The vehicle will need course corrections along the way. The destination is moving too (along with potential hazards that might lie along the way) and it is not possible to get highly accurate data on its position and speed from distant Earth. Hopefully, updated information could be obtained by observations from the spacecraft itself as it approaches its destination, or improved position determinations can be made exploiting technological advances on the home world made subsequent to launch.
It would also be desirable if the mission were planned so several destinations could be flown by, the spacecraft making course adjustments and slingshot maneuvers at each encounter to line it up for the next fly-by. A typical mission would be planned to fly by several targets, arrayed in a more or less slightly curved line and at increasing distances from earth. If the destinations were properly selected and positioned only a small amount of delta-vee would be required to hop from each to the next. This all implies that the probe would be massive enough to carry aboard propulsion and navigational capabilities, and sufficient artificial intelligence to exercise them without instruction from the home world.
I fantasize a future where at any one time mankind has multiple interstellar probes
operating and new ones departing frequently, each targeted on destinations of great interest, but also including other stars, rogue planets, and brown dwarfs along the way. These probes may have different capabilities, depending on the level of human technological advancement when they were launched. This also implies an administrative infrastructure capable of monitoring and communicating with all these spacecraft, perhaps for hundreds of years.
Right now, I’m not too optimistic this will unfold as I would like.

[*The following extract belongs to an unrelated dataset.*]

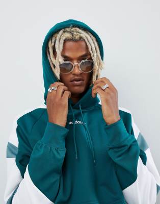 Adidas eqt hoodie with striped sleeves on sale in green

Just wondering if this interstellar gas could be useful to produce power for space sails going to the stars. Asking AI and you get 18 to 180 Watts at 20% c to proxima per sq meter. I suppose its whether the extra mass to capture and convert it would be worth it though.
@Michael
If the craft extracts energy from the ISM, wouldn’t that violate the Law of Conservation of Energy if the probe’s velocity is not reduced?
Where is that energy coming from – impacts of the ISM on the probe’s sail (if the probe is not reoriented to be edge-on to the motion during cruise)?
As an aside, it is possible for a land-based vehicle with a wind turbine to travel downwind faster than the wind, which seems counterintuitive but is proven. The same vehicle has also shown that it can travel upwind faster than the wind. In both cases, it relies on being able to push against the ground. Jeff Greason’s Q-Drive concept claims to do something similar; accelerating while heading into the ISM ( Introducing the Q-Drive: A concept that offers the possibility of interstellar flight. Within the solar system, it should therefore be able to outrun the solar wind, traveling faster than the SW outbound, and accelerate towards the sun on an inbound flight.)
Alex. The sail slows down but there is so much kinetic energy in the sail the velocity is reduced only slightly.
Thanks for this reminder bout the Q-Drive
I am somewhat puzzled by the idea that the LIC maintains some record of the various SN explosions, like ripples in a pond. With teh K-T event of the asteroid strike, the iridium layer in teh rocks is very sharp. A SN event will create a shell of debris moving at different velocities, which we can see with images of the Crab Nebula, as an example. Less a ripple than a long wave in the medium. In addition, there may be some turbulence, mixing the medium to increase its homogeneity.
If so, how much of a record is that within the LIC?
The sediment data in the Phys Rev. Lttrs paper does show that the high 60Fe signal is not a narrow layer in the sediment (also with potential mixing in the ocean before sedimentation, but the signal does seem to correspond to 2 ice ages the earth has experienced, as a general impact of the SN debris darkening the skies to reduce insolation.
I am reminded of other work suggesting that the galaxy (universe?) has evidence of various events reverberating through space (and time), that could be detected by instruments. The ISM could show the ripples of various major events as they spread out and echo after impacting stars and other media, offering a record of teh past if we can decode the ripples.